Most Neko patients have passed the scan with a clean bill of health. But, in a recent sample of 2,707 patients, life-threatening issues were found in about 1 percent of the cases, according to the company. (About one-quarter of those were under age 50). And for 9 percent of that cohort, previously undiagnosed issues were found that were later determined to be ailments such as heart disease, skin cancer and diabetes.
Dr. Andreea Valdman, Neko Health’s lead general practitioner, walked me through my results at the end of my exam. All of the 400 suspicious looking blotches and moles on my body that had been mapped with the help of A.I. were benign, Neko’s dermatologists confirmed.
Type 2 diabetes runs in my family. And, my father had his first stroke at 54, so the anticipation around my blood-glucose reading — HbA1c — had me on edge. The verdict: no risk of diabetes or stroke.
It felt reassuring to know I was doing something right, and what I needed to work on.

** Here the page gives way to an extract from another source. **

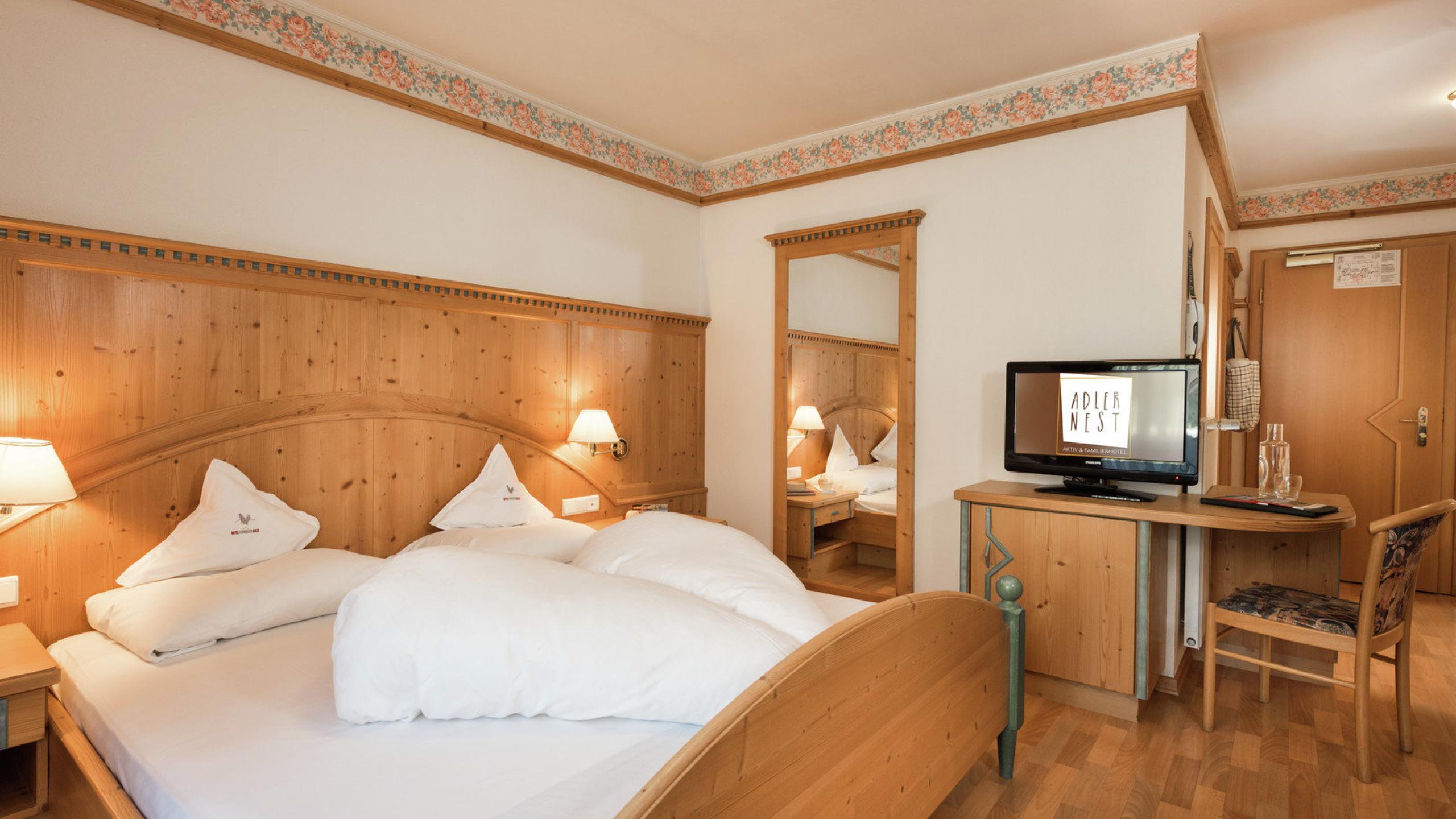 Dieses helle Zimmer 30 m² mit Doppelbett ist der ideale Rückzugsort für Pärchen sowie für Familien mit Kleinkind. Helle Holzmöbel, eine Küchenecke sowie ein voll ausgestattetes Badezimmer und einem großzügigen Balkon runden das Wohnerlebnis ab.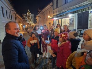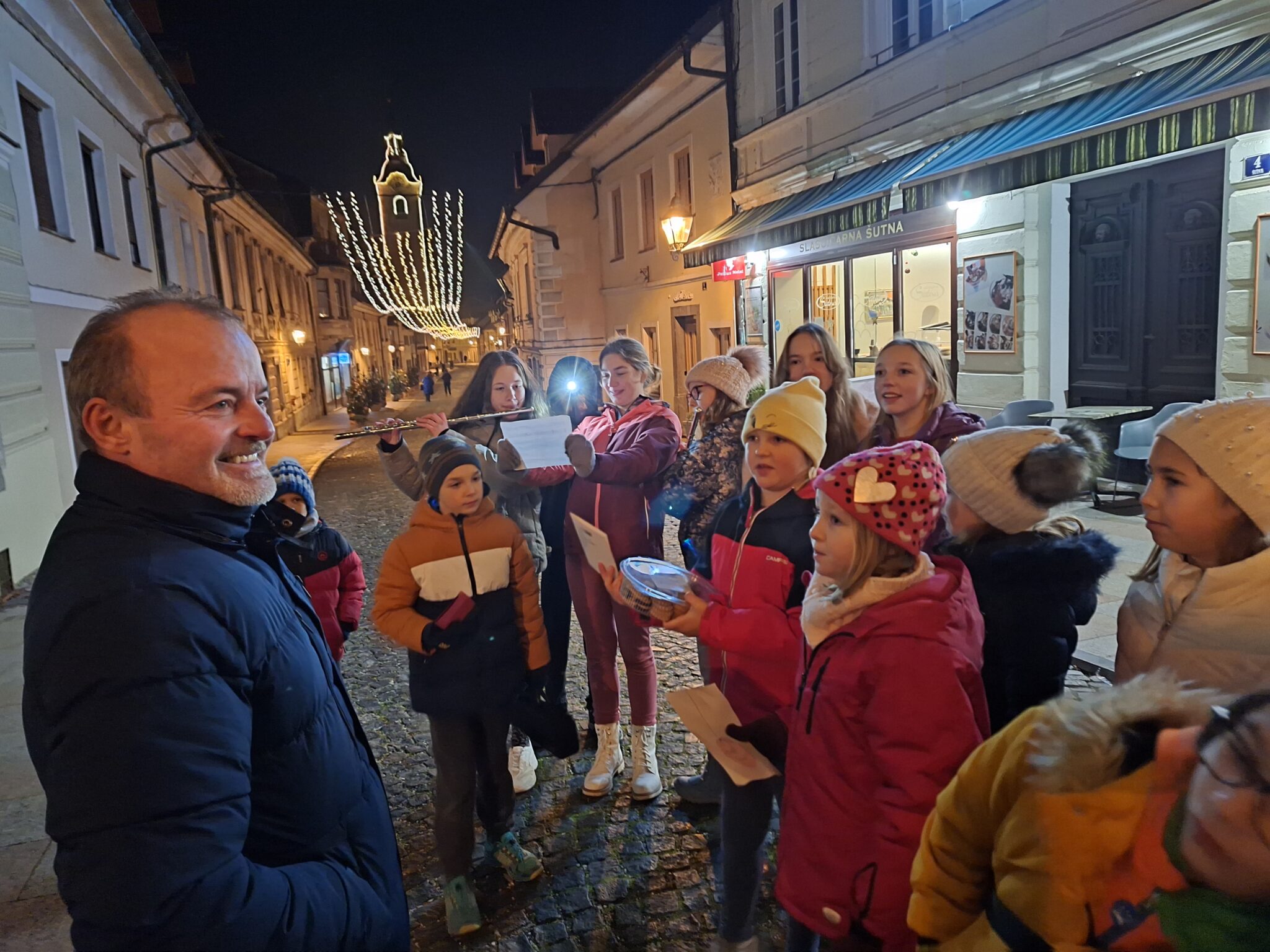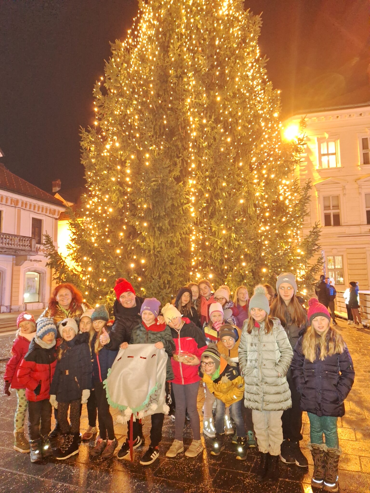 Izdelali smo adventno torbo in jo napolnili s prisrčnimi voščili. Ko se je mrak spustil na zemljo in je Kamnik zasijal v prazničnih lučeh, smo se napotili po kamniških ulicah. Mimoidoče smo nagovorili s pesmijo ob zvokih prečne flavte: »Želimo vam srečen božič, v novem letu pa mir.«

The company said the waiting list in Sweden has swelled to 20,000.
‘Bend the cost curve’
In the United States, most major health insurers don’t typically cover such scans. And some in the medical field question their effectiveness. “To date, there is no documented evidence that total body screening is cost-efficient or effective in prolonging life,” the American College of Radiology said last year. One issue is false positives, Dr. Nils-Eric Sahlin, a professor of medical ethics at Lund University in Sweden, told DealBook. He said that could lead to a wave of healthy people seeking a second opinion, potentially overwhelming the most stressed parts of the health care system, and adding costs for potentially unnecessary follow-up treatment.
Mr. Nilsonne pushed back on these criticisms, calling the status-quo health care model in which a patient often receives treatment well after the disease has progressed bad public policy. Preventative health care, he said, should bring with it a new data stream: from healthy people. That will inform smarter policy, he argued.
“We need to bend the cost curve on health care,” Mr. Nilsonne said. “The cheapest dollar to spend on health is not when you’re super sick; it’s to help you not get sick in the first place.”
Investors see potential. Venture capitalists invested a record $4.7 billion in longevity start-ups in 2022, according to Pitchbook. But in the wake of Theranos, Elizabeth Holmes’s failed blood-testing startup that promised to usher in “a new era of preventative health,” scrutiny is also sky high. “Blowouts” like Theranos, Mr. Ek said, risk undermining the public “trust in all of the subsequent companies that are coming.”
Last summer, thanks in part to Mr. Ek’s connections, Neko raised 60 million euros ($65 million) from investors that include Atomico, General Catalyst, and Lakestar. Mr. Ek has pitched in an additional €30 million. But the capital requirements for a brick-and-mortar expansion of health clinics are unlike the economics of unveiling an app like Spotify. The regulatory hurdles are arduous, too. “Hundreds, if not thousands, of documents need to be submitted,” Mr. Nilsonne noted.
The start-up says it will be on pace to deliver roughly 50,000 scans by the end of the year. When pressed, Mr. Ek didn’t want to talk five- or seven-year growth targets, or return on his investment. Instead, he focused on the technology. “You can actually save lives with this,” he said, adding, “and we have.”